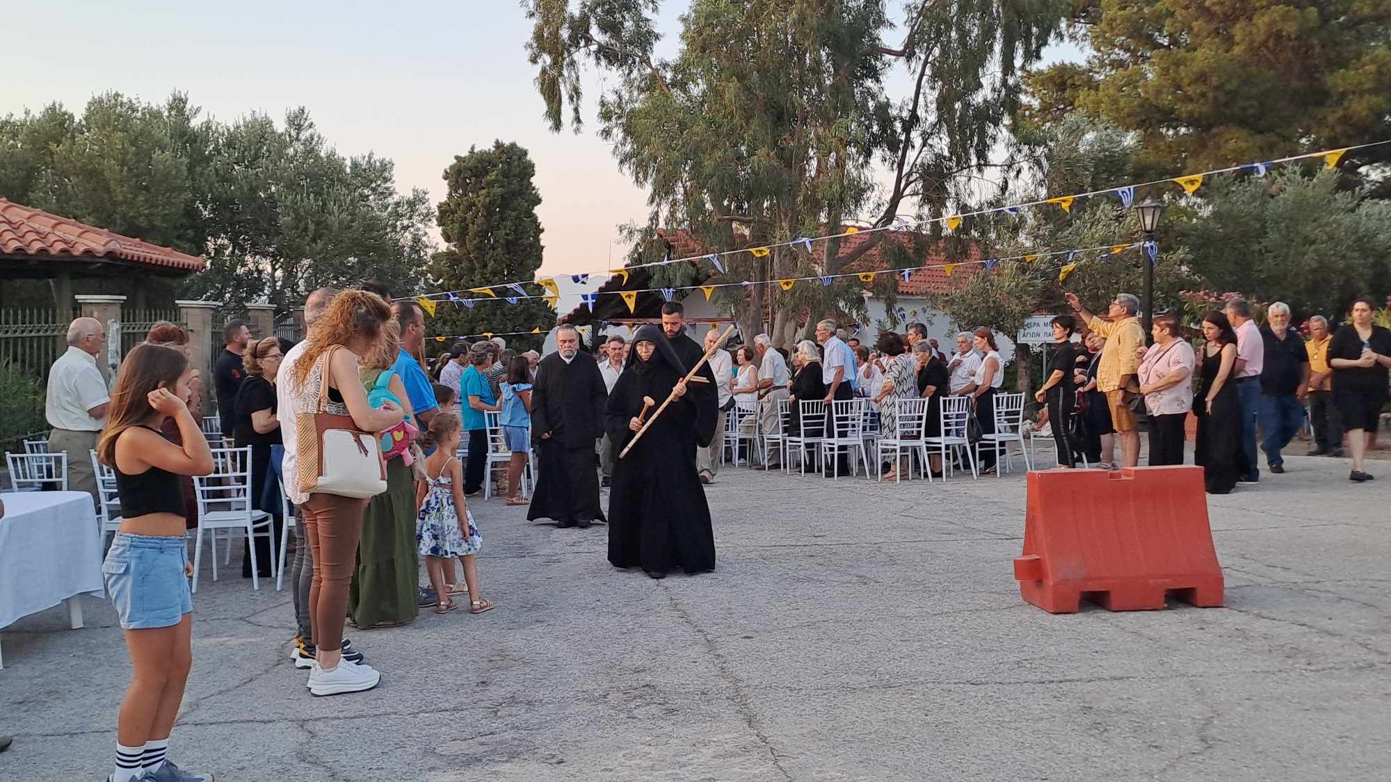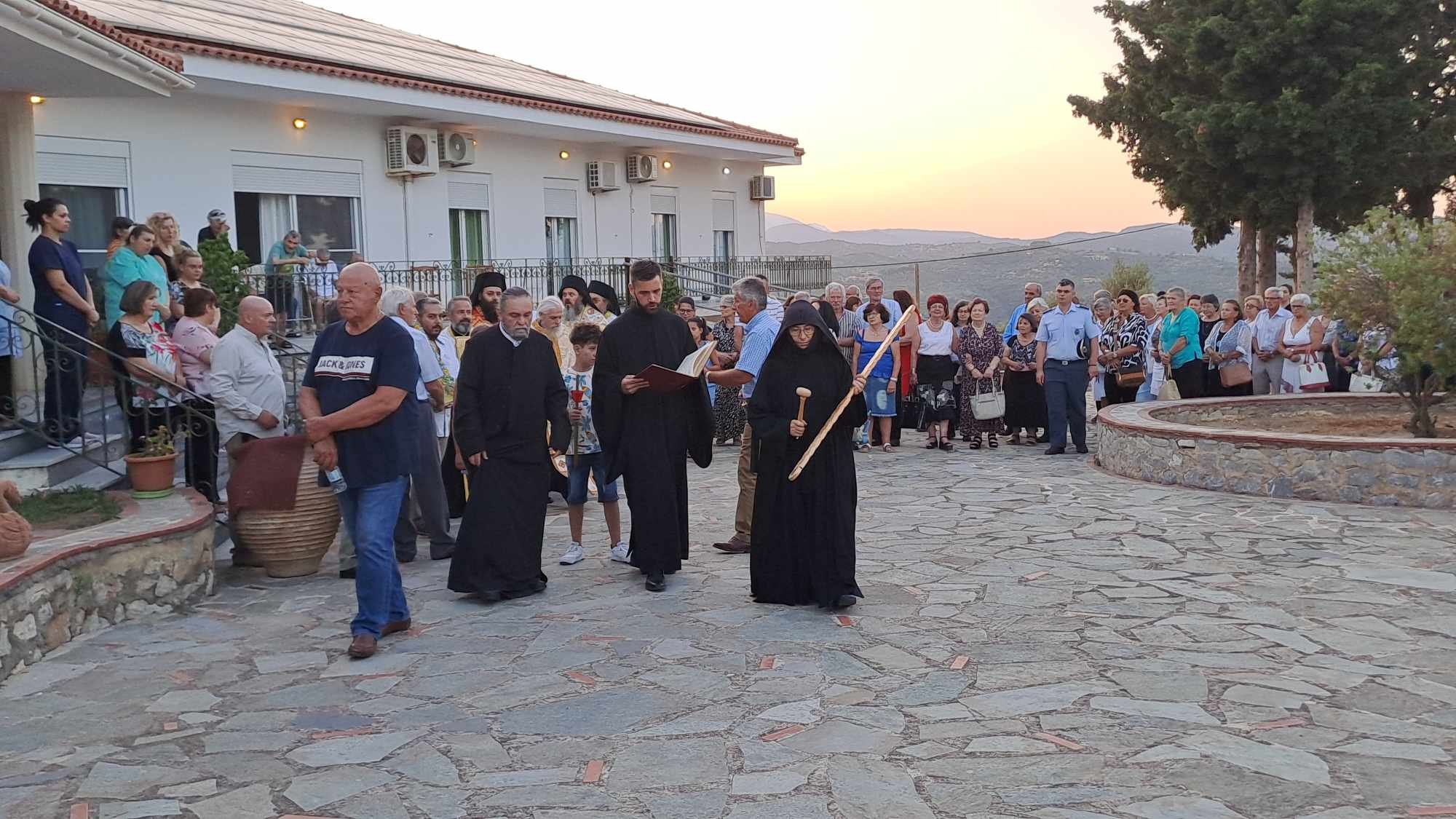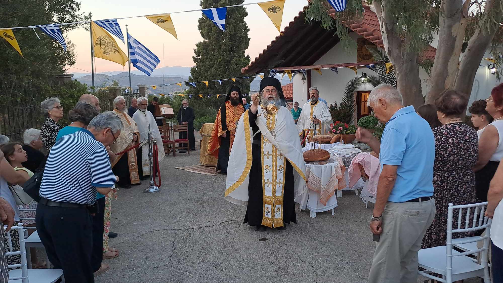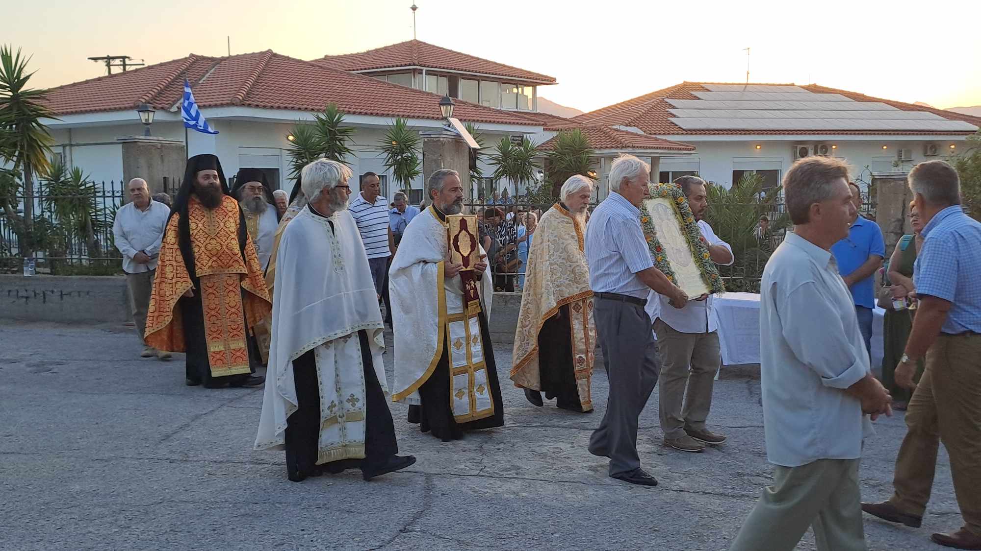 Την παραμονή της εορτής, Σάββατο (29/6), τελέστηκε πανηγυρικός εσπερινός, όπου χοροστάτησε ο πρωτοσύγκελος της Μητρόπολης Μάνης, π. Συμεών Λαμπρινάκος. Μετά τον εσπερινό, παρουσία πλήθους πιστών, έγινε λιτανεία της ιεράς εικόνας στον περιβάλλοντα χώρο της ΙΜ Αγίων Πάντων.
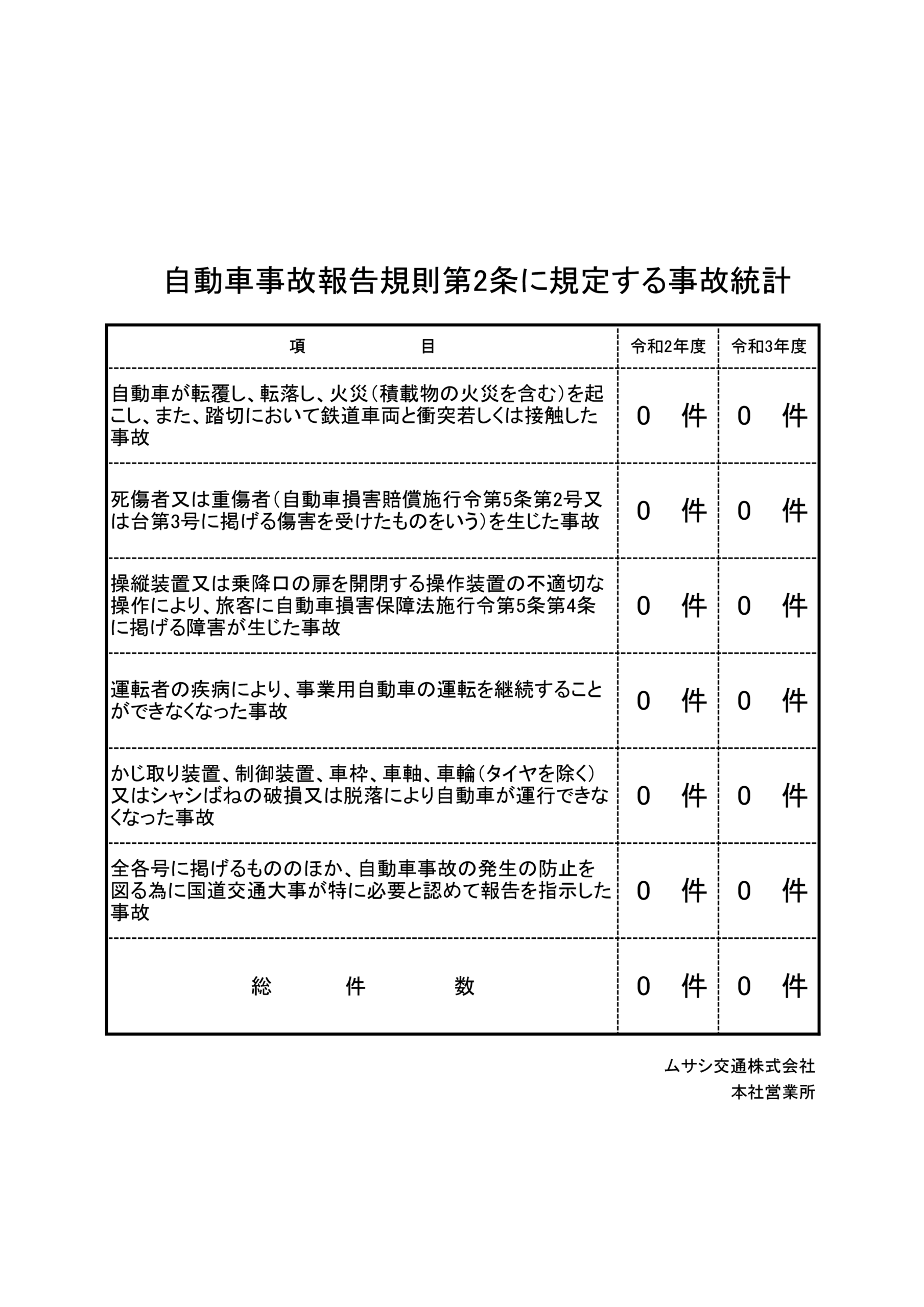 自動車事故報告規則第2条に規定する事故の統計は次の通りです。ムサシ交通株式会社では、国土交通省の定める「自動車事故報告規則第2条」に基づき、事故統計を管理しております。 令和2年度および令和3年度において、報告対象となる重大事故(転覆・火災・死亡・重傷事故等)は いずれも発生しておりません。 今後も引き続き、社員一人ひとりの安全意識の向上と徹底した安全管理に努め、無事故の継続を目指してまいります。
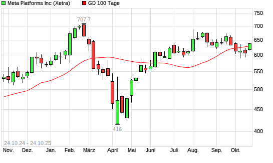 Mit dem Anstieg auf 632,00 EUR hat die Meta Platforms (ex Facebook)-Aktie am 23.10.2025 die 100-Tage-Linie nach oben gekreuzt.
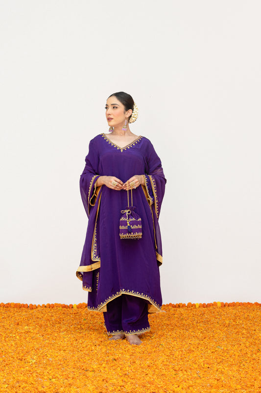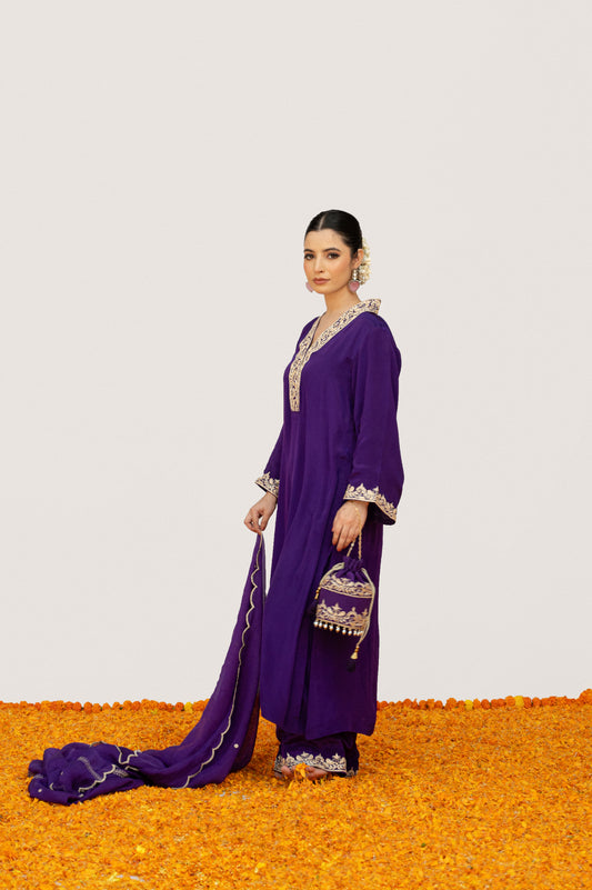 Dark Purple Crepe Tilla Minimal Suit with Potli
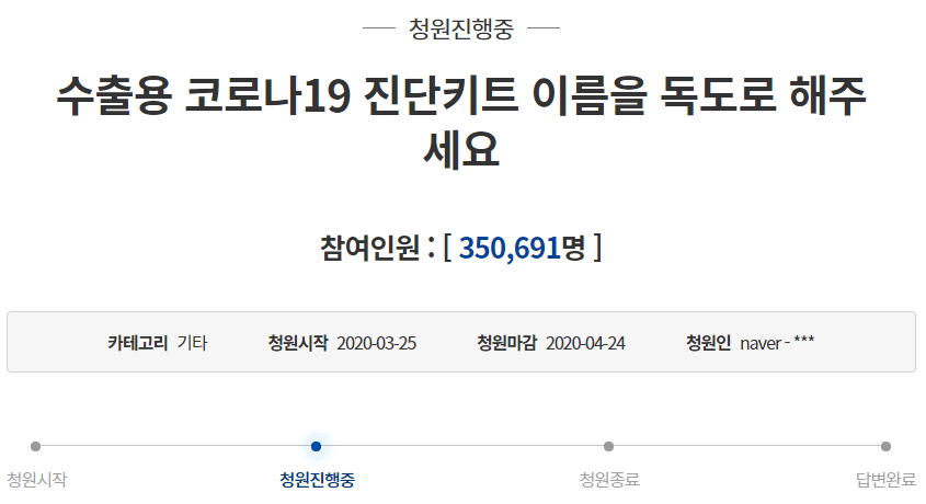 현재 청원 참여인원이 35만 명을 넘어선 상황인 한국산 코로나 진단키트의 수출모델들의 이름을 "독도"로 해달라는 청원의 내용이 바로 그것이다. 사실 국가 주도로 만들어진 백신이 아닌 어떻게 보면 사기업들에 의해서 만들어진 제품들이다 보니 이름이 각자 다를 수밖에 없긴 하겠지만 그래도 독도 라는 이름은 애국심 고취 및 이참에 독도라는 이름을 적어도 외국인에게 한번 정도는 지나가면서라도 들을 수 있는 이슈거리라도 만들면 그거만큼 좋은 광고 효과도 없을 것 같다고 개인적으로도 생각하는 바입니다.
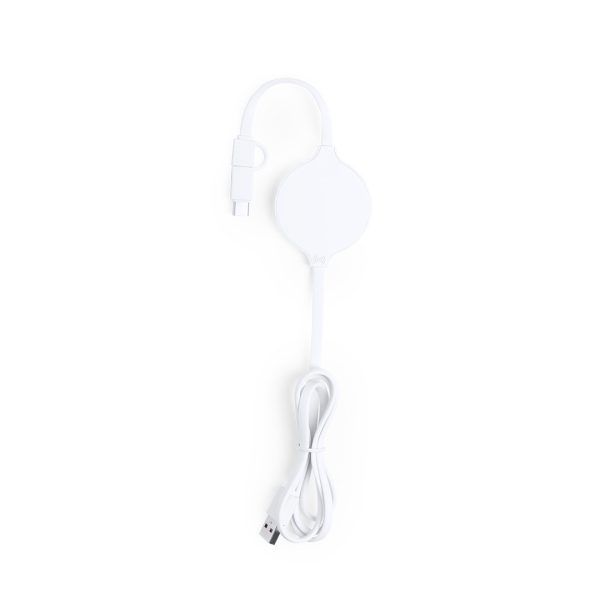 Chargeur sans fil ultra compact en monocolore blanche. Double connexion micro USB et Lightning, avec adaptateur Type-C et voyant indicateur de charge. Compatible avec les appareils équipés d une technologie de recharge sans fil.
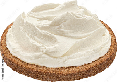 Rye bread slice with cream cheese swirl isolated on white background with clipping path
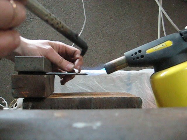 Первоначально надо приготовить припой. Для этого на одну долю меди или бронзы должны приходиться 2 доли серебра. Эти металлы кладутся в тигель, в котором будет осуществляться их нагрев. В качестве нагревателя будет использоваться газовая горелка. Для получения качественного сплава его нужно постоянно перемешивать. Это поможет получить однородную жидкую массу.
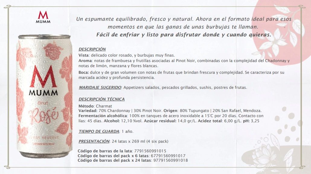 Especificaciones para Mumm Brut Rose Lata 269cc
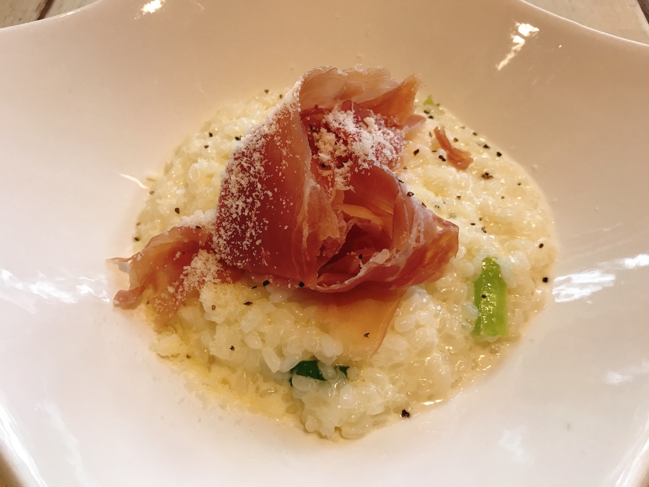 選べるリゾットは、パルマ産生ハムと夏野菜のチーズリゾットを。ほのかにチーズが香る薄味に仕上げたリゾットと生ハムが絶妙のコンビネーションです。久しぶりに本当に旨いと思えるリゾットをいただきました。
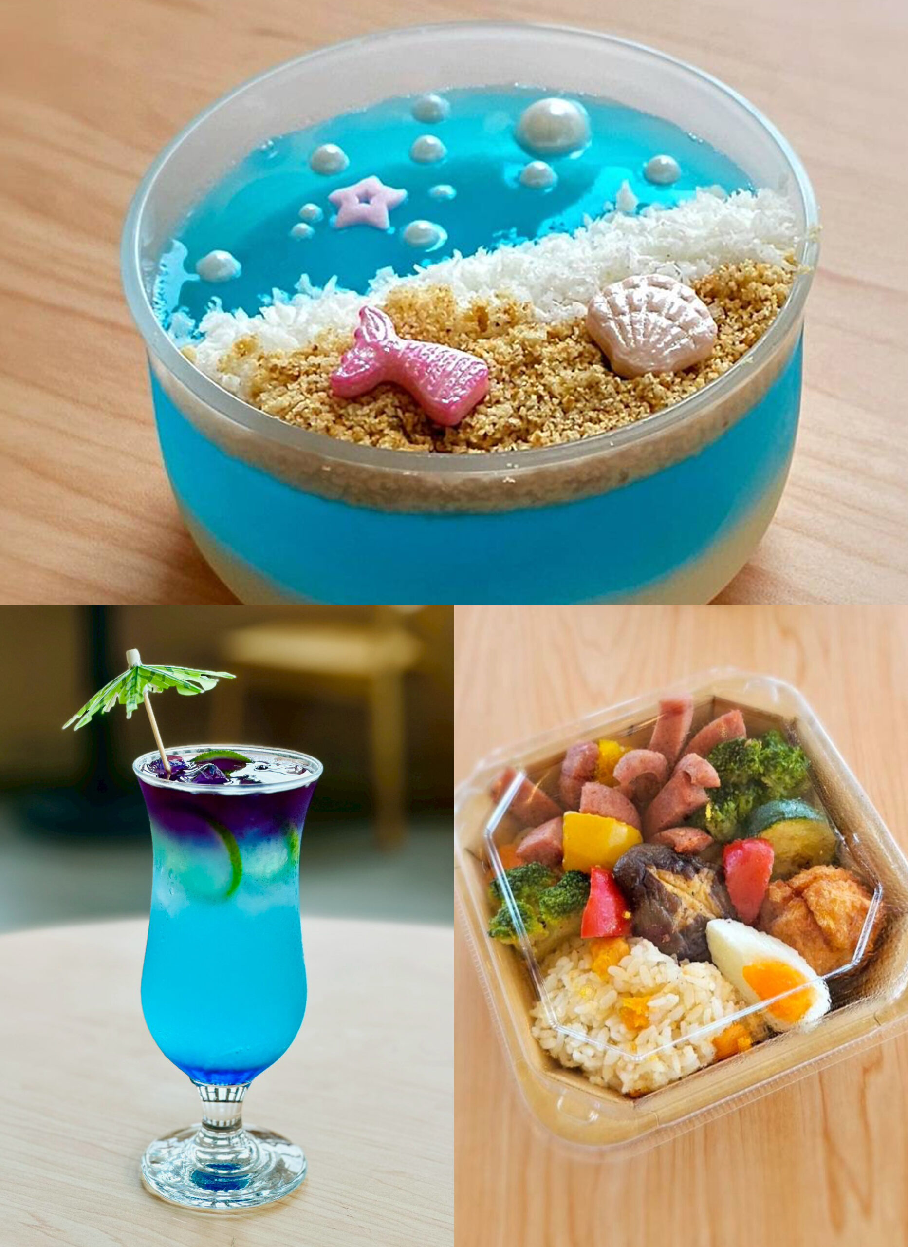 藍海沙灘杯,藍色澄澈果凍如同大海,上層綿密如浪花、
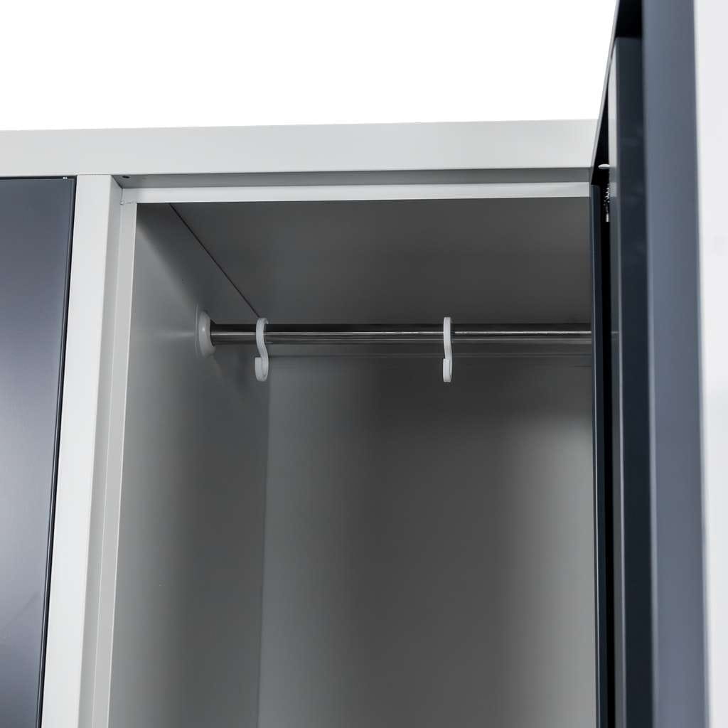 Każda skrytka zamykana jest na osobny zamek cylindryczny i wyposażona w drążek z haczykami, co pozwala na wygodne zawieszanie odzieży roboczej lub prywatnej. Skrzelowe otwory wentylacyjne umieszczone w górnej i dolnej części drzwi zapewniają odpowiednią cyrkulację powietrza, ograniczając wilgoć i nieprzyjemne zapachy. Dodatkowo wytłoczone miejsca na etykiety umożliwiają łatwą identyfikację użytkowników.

--

What is expected –
Given the records above, return the lines starting at the one that holds "Dark Purple Crepe" and ending at the one that holds "藍海沙灘杯,藍色澄澈果凍如同大海,上層綿密如浪花、", exactly, and nothing besides; leave every picture out.

Answer area –
 Dark Purple Crepe Tilla Minimal Suit with Potli
 현재 청원 참여인원이 35만 명을 넘어선 상황인 한국산 코로나 진단키트의 수출모델들의 이름을 "독도"로 해달라는 청원의 내용이 바로 그것이다. 사실 국가 주도로 만들어진 백신이 아닌 어떻게 보면 사기업들에 의해서 만들어진 제품들이다 보니 이름이 각자 다를 수밖에 없긴 하겠지만 그래도 독도 라는 이름은 애국심 고취 및 이참에 독도라는 이름을 적어도 외국인에게 한번 정도는 지나가면서라도 들을 수 있는 이슈거리라도 만들면 그거만큼 좋은 광고 효과도 없을 것 같다고 개인적으로도 생각하는 바입니다.
 Chargeur sans fil ultra compact en monocolore blanche. Double connexion micro USB et Lightning, avec adaptateur Type-C et voyant indicateur de charge. Compatible avec les appareils équipés d une technologie de recharge sans fil.
 Rye bread slice with cream cheese swirl isolated on white background with clipping path
 Первоначально надо приготовить припой. Для этого на одну долю меди или бронзы должны приходиться 2 доли серебра. Эти металлы кладутся в тигель, в котором будет осуществляться их нагрев. В качестве нагревателя будет использоваться газовая горелка. Для получения качественного сплава его нужно постоянно перемешивать. Это поможет получить однородную жидкую массу.
 Especificaciones para Mumm Brut Rose Lata 269cc
 選べるリゾットは、パルマ産生ハムと夏野菜のチーズリゾットを。ほのかにチーズが香る薄味に仕上げたリゾットと生ハムが絶妙のコンビネーションです。久しぶりに本当に旨いと思えるリゾットをいただきました。
 藍海沙灘杯,藍色澄澈果凍如同大海,上層綿密如浪花、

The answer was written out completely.